The present invention relates to compositions comprising glycoproteins having altered patterns of O-linked glycosylation, in particular Factor VII, Factor IX and other blood clotting factors.

BACKGROUND OF THE INVENTION

The biological activity of many glycoproteins is highly dependent upon the presence or absence of particular oligosaccharide structures attached to the glycoprotein. The glycosylation pattern of a therapeutic glycoprotein can affect numerous aspects of the therapeutic efficacy, such as, e.g, solubility, resistance to proteolytic attack, thermal inactivation, immunogenicity, half-life, bioactivity, bioavailability, and stability.

Glycosylation is a complex post-transitional modification that is cell dependent.

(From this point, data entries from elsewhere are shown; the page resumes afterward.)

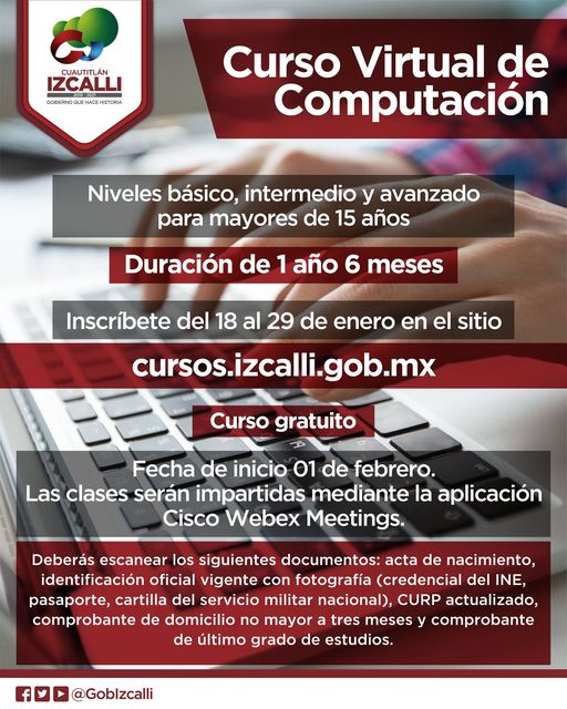 Gobierno, SliderAbre gobierno de Izcalli curso virtual gratuito de computaciónPor Redacción / 19 enero, 2021 No importa si no tienes conocimientos previos, pues se tendrán tres niveles: básico, intermedio y avanzado; aptos solamente para mayores
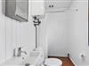 Ved siden af det store soveværelse er husets badeværelse, der ikke er stort, men har de faciliteter, der er brug for i sommerhuset.
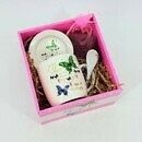 Podarochnij nabor. Keramicheskaya chajnaya para s lozhkoj i elitnij chaj v meshochke. Podarok na 14 fevralya, standart
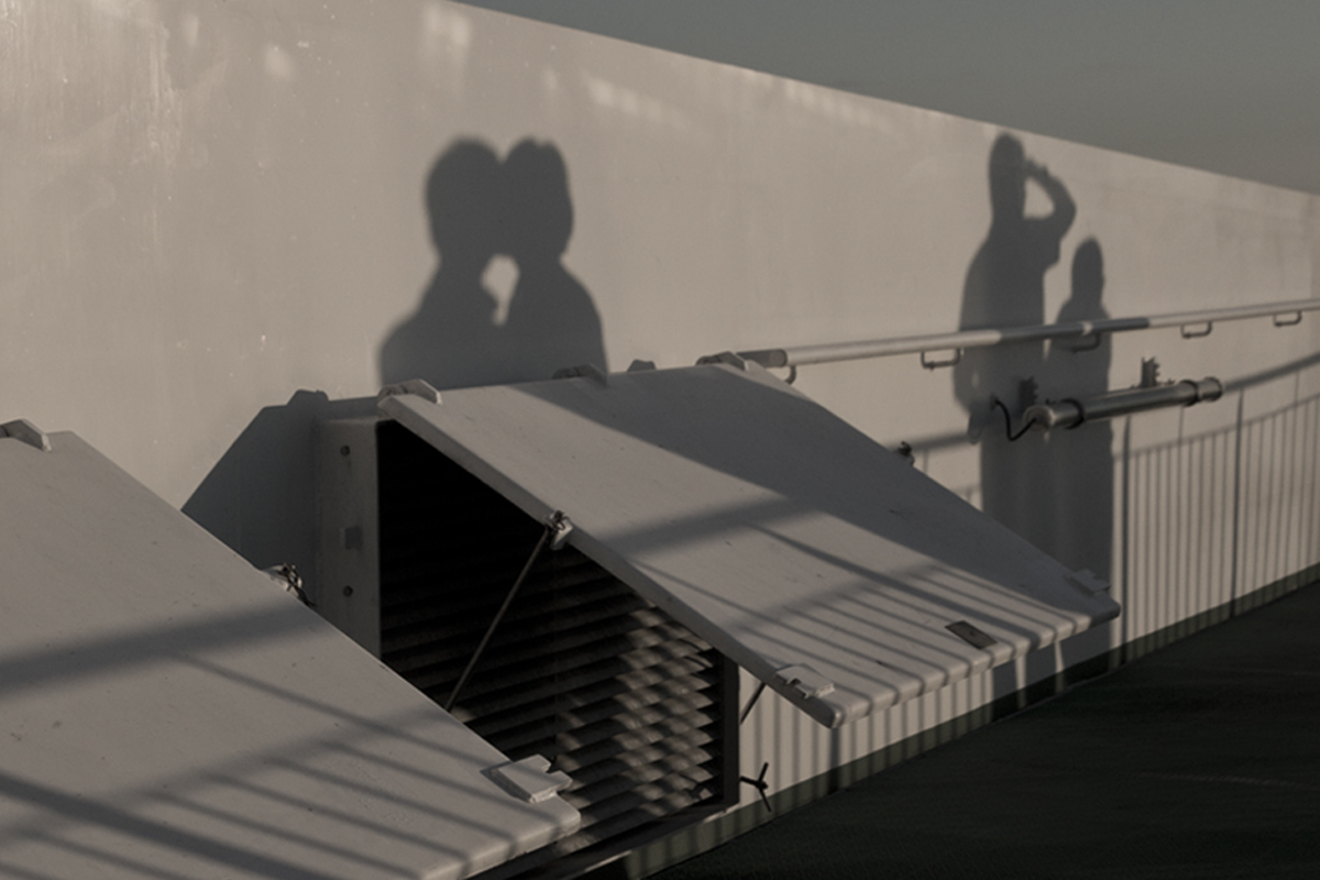 일몰을 보기위해 선상에 나온 연인들
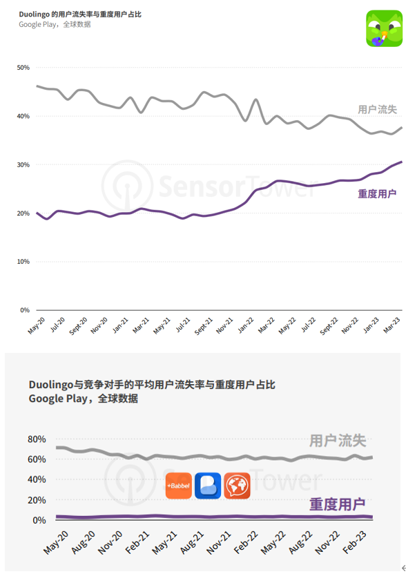 Duolingo(上)和主要竞品(下)的用户流失和重度用户对比,注:重度用户是指 1 月内打开应用超过 15 天的用户|图片来源:Sensor Tower
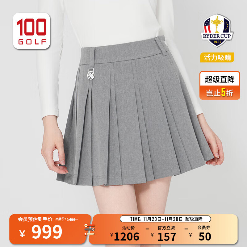RYDER CUP莱德杯高尔夫服装女装短裙25秋冬保暖舒适微弹显瘦复古运动百褶裙 灰色 M
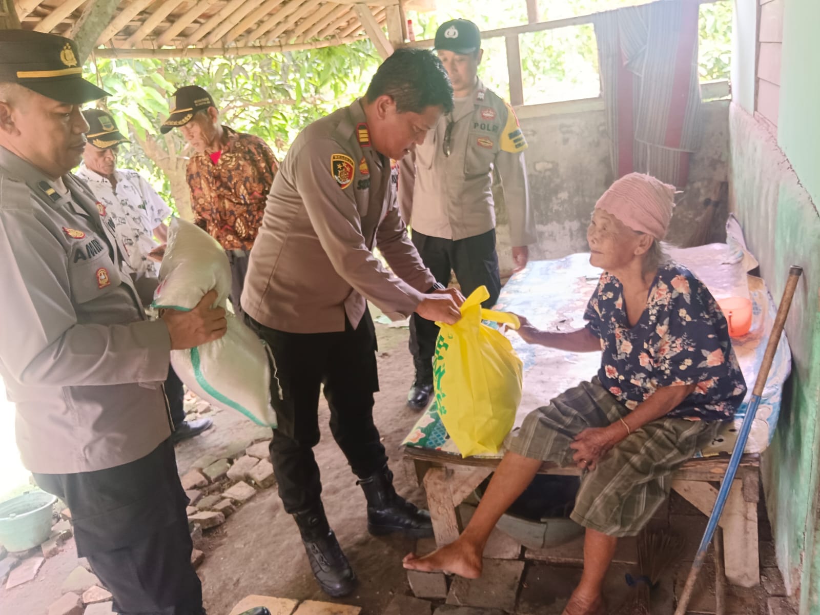 Kegiatan tersebut diisi dengan kunjungan ke rumah Ibu Saimah, seorang warga yang hidup sebatang kara dan tengah sakit. Dalam kesehariannya, Ibu Saimah bekerja sebagai pemulung botol bekas untuk memenuhi kebutuhan hidup. Melihat kondisi tersebut, Kapolsek Pebayuran memberikan dukungan moril serta bantuan paket sembako guna meringankan beban hidupnya.
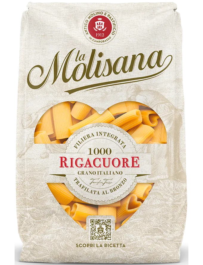 Rigacuore – це інноваційний формат пасти La Molisana, який завдяки формі серця , виготовленій зі 100% італійської пшениці та бронзовому малюнку, передає сентиментальність, романтизм, легкість та позитив.
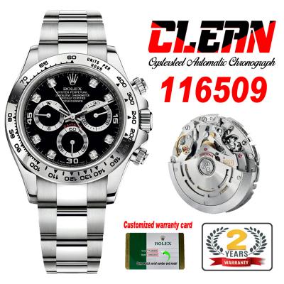 Daytona 116509 SA4130 Automatic Chronograph Mens Watch Best Edition CLEAN V3 Black Diamond Dial 904L SS Bracelet CHS
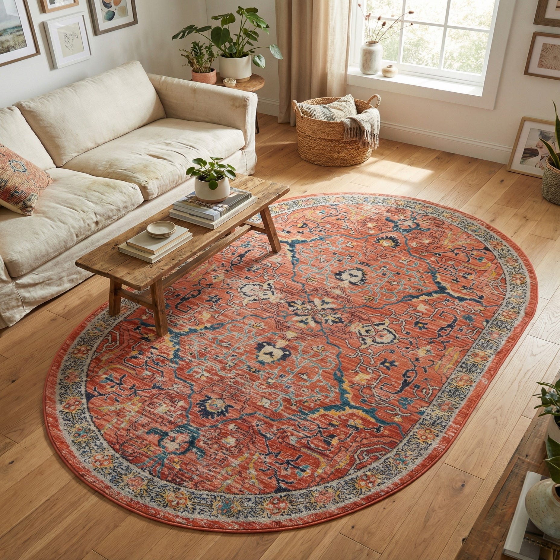 This oval rug works well as an anchor for a foyer, a small seating area, or layered beneath a round dining table. Pair it with warm wood furniture, navy or denim upholstery, and brass or aged-metal accents for a cohesive scheme, or use it to introduce color and pattern into a neutral, transitional, or eclectic room. Its combination of traditional motifs and lively hues makes it an easy fit where classic and contemporary elements meet.
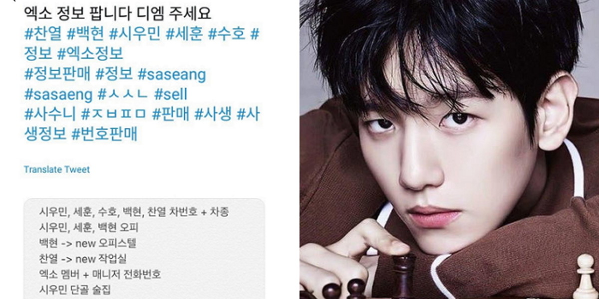 지난 5일 백현은 트위터에서 엑소 멤버들의 개인 정보로 수익을 창출하는 한 이용자를 발견했다.
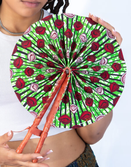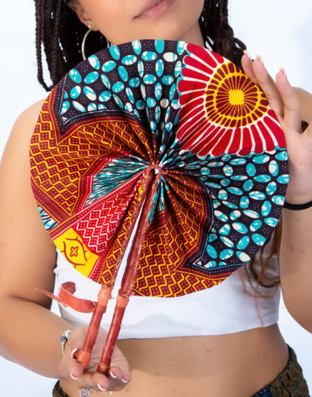 Introducing our Vibrant Red Abstract Ankara Print Round Closable Fan – a stunning blend of vibrant design and functional elegance.
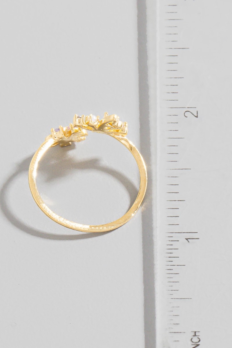 Gold Dipped Cz Leaf And Butterfly Open Ring
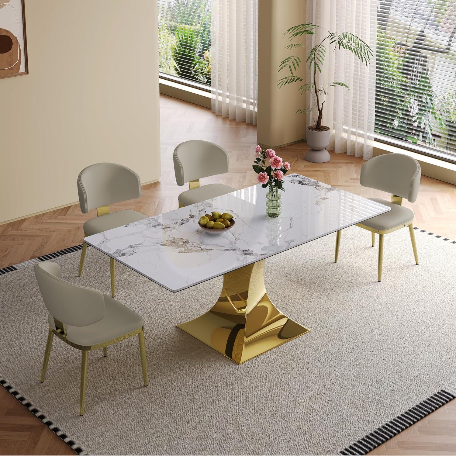 Our experience with this dining set has been impressively positive, especially when considering the balance between aesthetic sophistication and practical value. The sintered stone tabletop, with its luxurious rock pattern and exceptional durability, adds a refined touch to our dining space while resisting scratches, heat, and moisture with ease. the sleek hourglass base not only supports the table structurally but also doubles as an architectural statement, perfectly complementing the elegant white and gold finish. Coupled with the ergonomic leather chairs upholstered in grey, the set creates a harmonious blend of comfort and contemporary style that elevates any room it’s placed in.
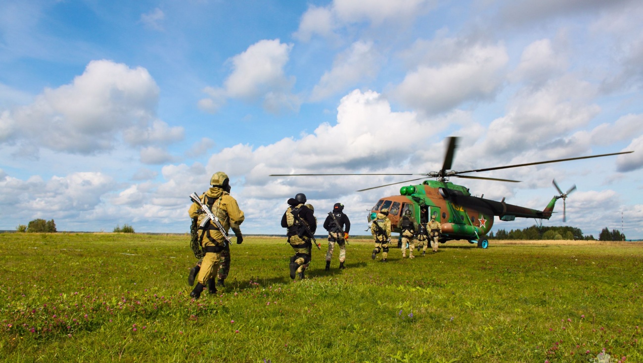 Во время практических занятий бойцы спецподразделений в полной боевой экипировке отработали нормативы по десантированию при зависании вертолета Ми-8 на различных от земли расстояниях и оперативное рассредоточение на площадке приземления.
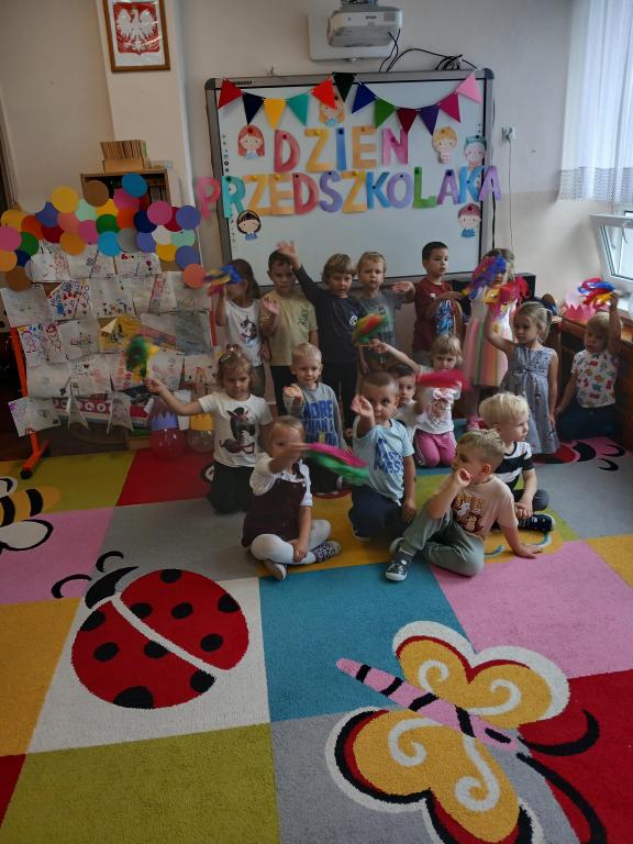 piątek, 19 września 2025 roku "Dnia przedszkolaka" 4-latki 2025 r. Uroczystości Dnia 19 września 2025 roku dzieci z grupy 4-letniej przeszły w kolorowym marszu ulicami miasta. Były na spacerze w parku i przy fontannie. Po powrocie do przedszkola bawiły się przy wesołej muzyce. Tak uczciły dzień przedszkolaka tego roku.
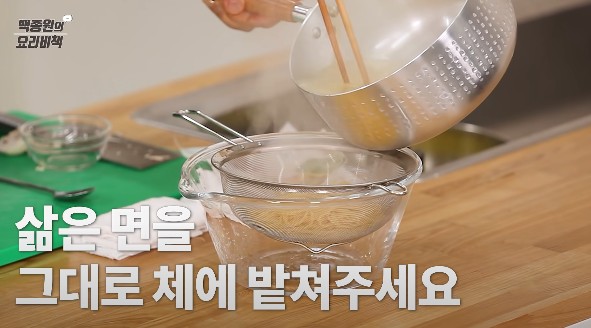 삶아낸 면은 그대로 체에 밭쳐 물기를 빼주세요. 파스타 면은 찬물에 헹구지 않는 것이 좋아요.
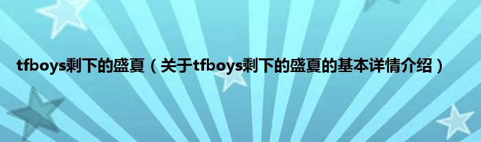 本文关于tfboys剩下的盛夏的基本详情介绍就讲解完毕,希望对大家有所帮助。
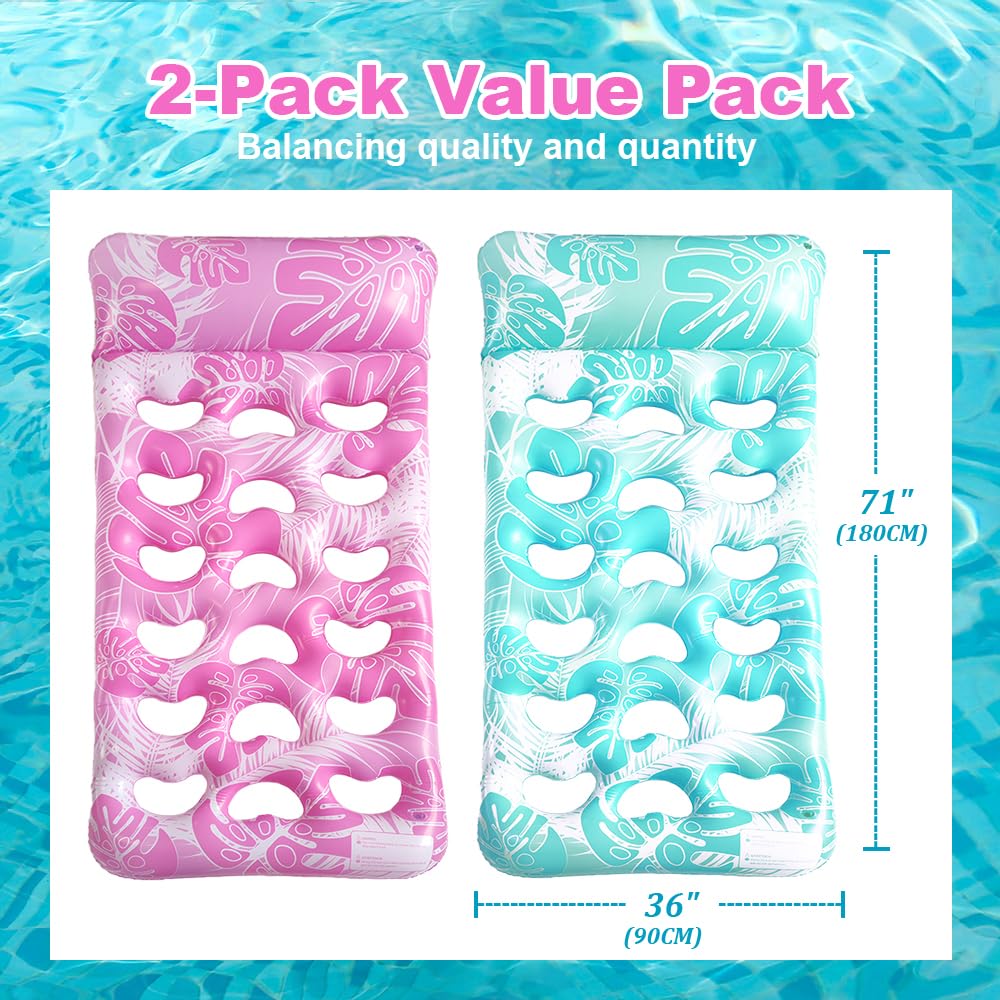 LUSTERMOON Inflatable large pool float for adults, pool chair float and lounger with cup holders for summer, pool, lake, beach, 2 pieces (blue + pink)

Following translation, proteins are transported into the endoplasmic reticulum (ER), glycosylated and sent to the Golgi for further processing and subsequent targeting and/or secretion. During glycosylation, either N-linked or O-linked glycoproteins are formed.

Serum proteins involved in coagulation or fibrinolysis, including, e.g., Factor VII and Factor IX are proving to be useful therapeutic agents to treat a variety of pathological conditions. Accordingly, there is an increasing need for formulations comprising these proteins that are pharmaceutically acceptable and exhibit a uniform and predetermined clinical efficacy.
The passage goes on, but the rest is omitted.